The final argument, viewed in isolation, makes one wonder who Crawford represents. But the argument is consistent with Crawford’s aggressive pursuit of insanity on behalf of his client.  It could well be that Auggie insisted on total exoneration for his actions, which could have only been achieved with the insanity defense.  In the end, the jury did find Auggie guilty but mentally ill, a designation though which did not really help in term of the length of his sentence. 

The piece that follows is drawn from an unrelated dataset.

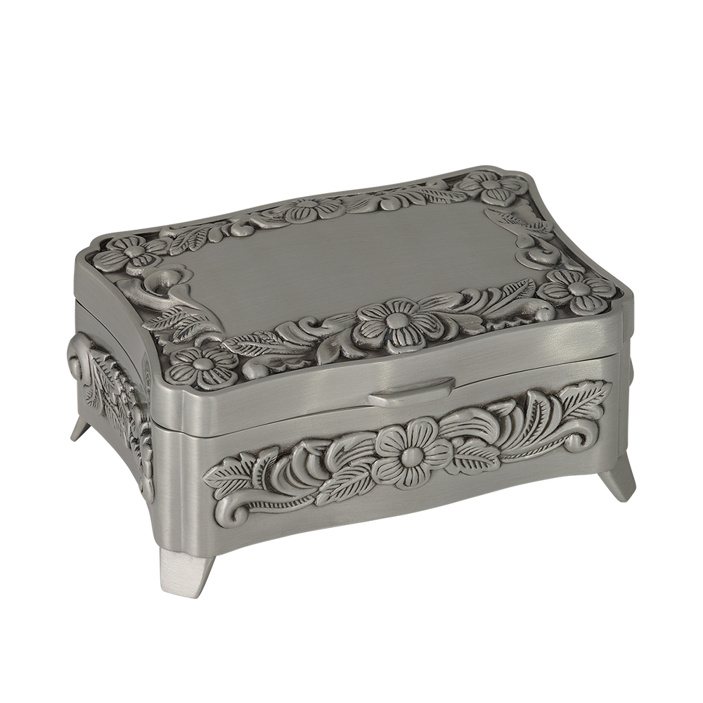 Dette fortinnede smykkeskrin med blomster forener klassisk design med varig kvalitet. De fine blomsterdetaljer og den elegante højde på små fødder giver et eksklusivt udtryk, der pynter på ethvert bord. Perfekt til ringe, øreringe og minder, der fortjener en smuk og sikker plads.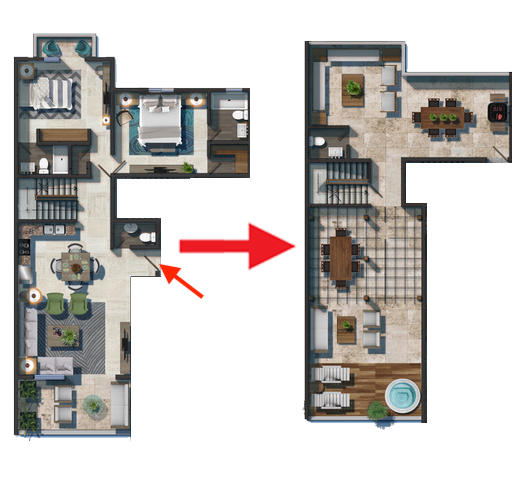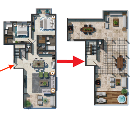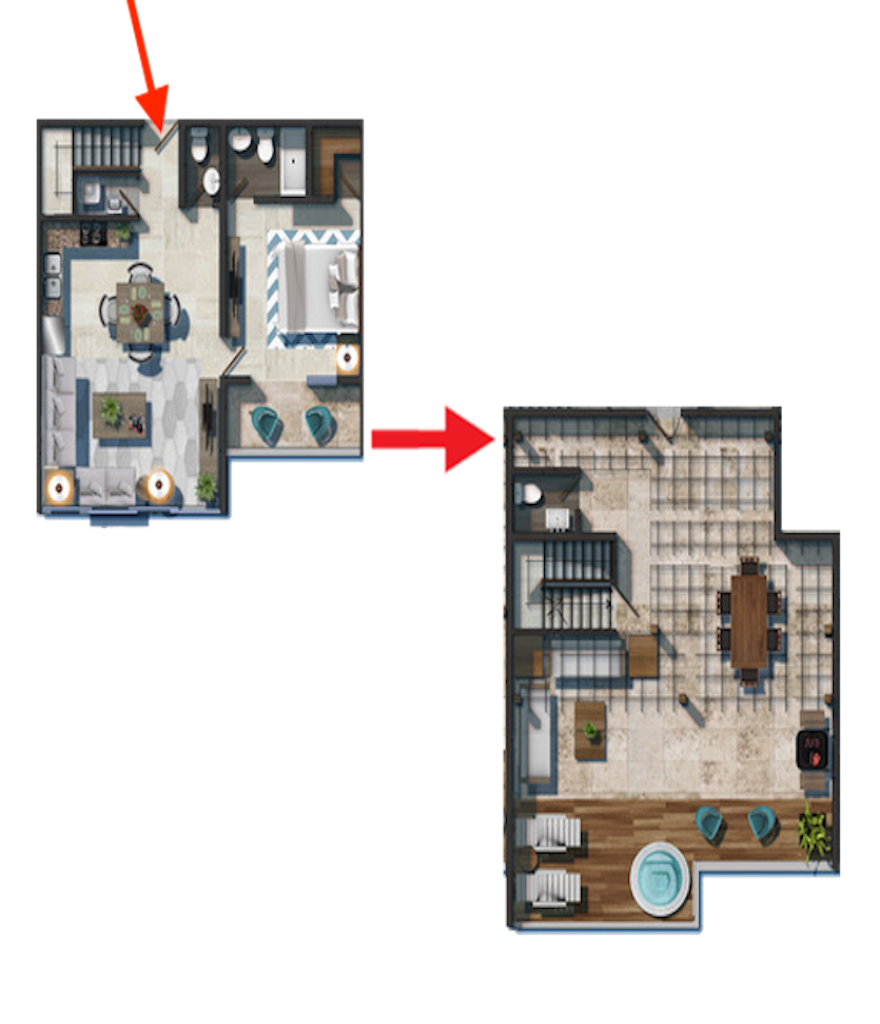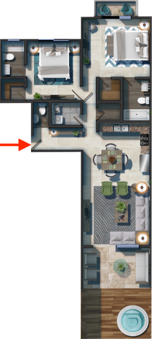 2 Bedrooms with Walk-in Closet / 2 Full Bathrooms / Guest Bathroom / Living Room / Dining Room / Kitchen / Laundry / Deck with Private Jacuzzi

Some quick clarifications and corrections to Crawford’s final argument quoted above.  As already noted, while Auggie was living with his father at the time of the incident, that was only a recent development.  The injunction civil case Delaney filed against Mendenhall on behalf of his client, property owner DeBartolo Corporation, lasted for more than “two months.”  Finally, Goldsmith certainly did not take over that injunction case from DeLaney (although the assertion highlights how the two lawsuits were essentially aimed at the same goal.)  Goldsmith, in his role as Marion County Prosecutor, pursued, quite aggressively, a separate civil forfeiture case against Burke.